Companies whose moat rests on reselling proprietary model API access at a markup are most exposed. With Z.AI's GLM-5.1 taking #1 on SWE-Bench Pro under MIT license and Gemma 4 shipping under Apache 2.0, coding-adjacent API margins face compression within 2-3 quarters. Multi-model contingency plans and migration toward orchestration, observability, or edge deployment value layers are the defensible responses.
Is the Figma valuation at $7.9B EV a genuine distressed opportunity or a value trap?
It's a high-conviction diligence target, not an automatic buy. The 60% discount to Adobe's 2022 $20B bid is real, and continued heavy R&D suggests management believes the workflow is durable. The decisive question is whether AI is permanently shrinking the design-tool category or the market is overshooting — resolve that before the takeover window closes in Q2.
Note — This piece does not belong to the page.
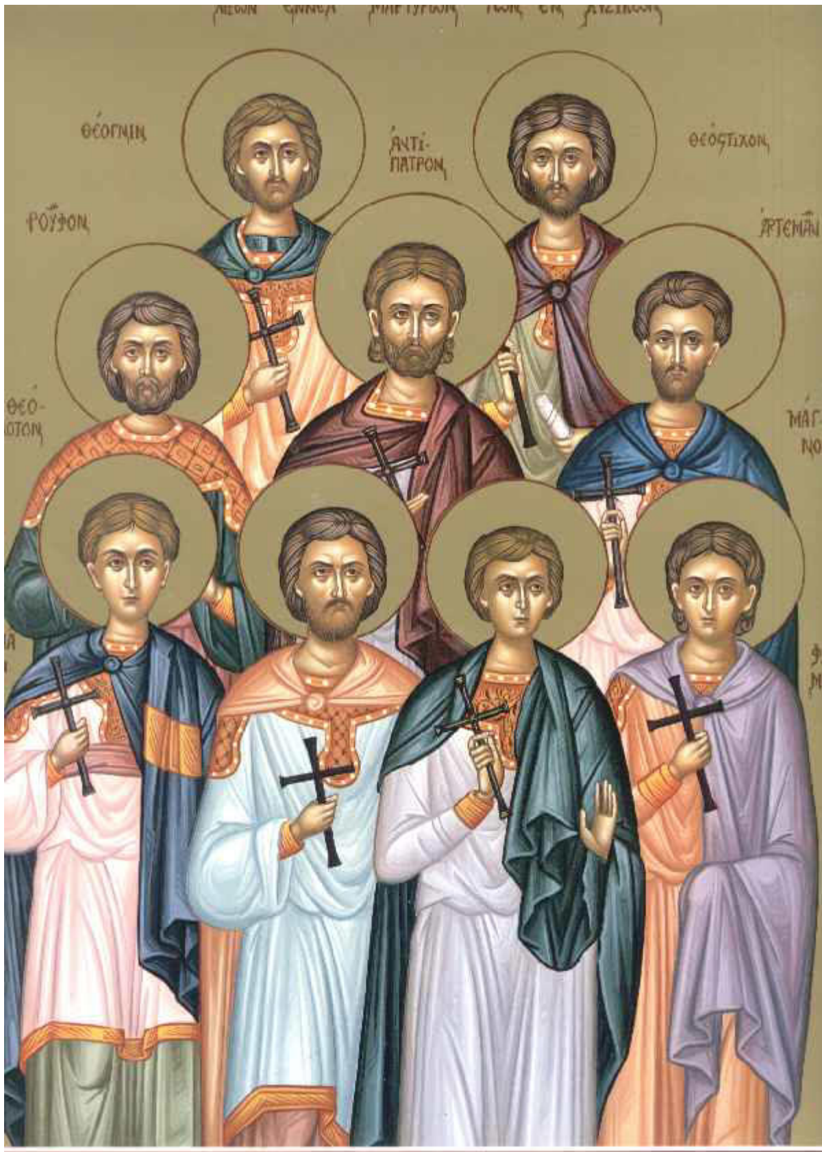
Άγιοι Εννέα Μάρτυρες εν Κυζίκω

Εορτάζει στις 28 Απριλίου εκάστου έτους.

Why did cybersecurity stocks sell off if AI is supposed to expand the attack surface?
The market is repricing cyber from AI beneficiary to AI-displaced. Palo Alto (-6.7%) and CrowdStrike (-4%) dropped because investors now expect AI platforms to internalize security capabilities, making standalone vendors redundant. Combined with UBS data showing over 50% of enterprises containing non-AI software spend, even the safe-haven premium is evaporating.
How do you reconcile Perplexity's $450M ARR with data showing users don't want autonomous agents?
Agents that augment decisions monetize; agents that promise full autonomy are building for demand that doesn't exist at scale. Perplexity's 50% MoM jump came from agent-assisted search and research workflows — augmentation framed as agency. ChatGPT usage data confirms decision support, writing, and information seeking dominate, while autonomous task execution barely registers.
Which agentic infrastructure categories are still pre-consensus enough to deploy into this quarter?
Agent-to-API integration middleware, runtime observability and guardrails, simulation sandboxes for reliability testing, and MCP-native developer tooling remain pre-consensus with reasonable valuations. Each maps to a specific enterprise deployment blocker — integration, security, reliability, compliance, maintainability — and each has $1B+ category potential if enterprise agent adoption tracks the pace signaled by Visa's 106M-dispute deployment.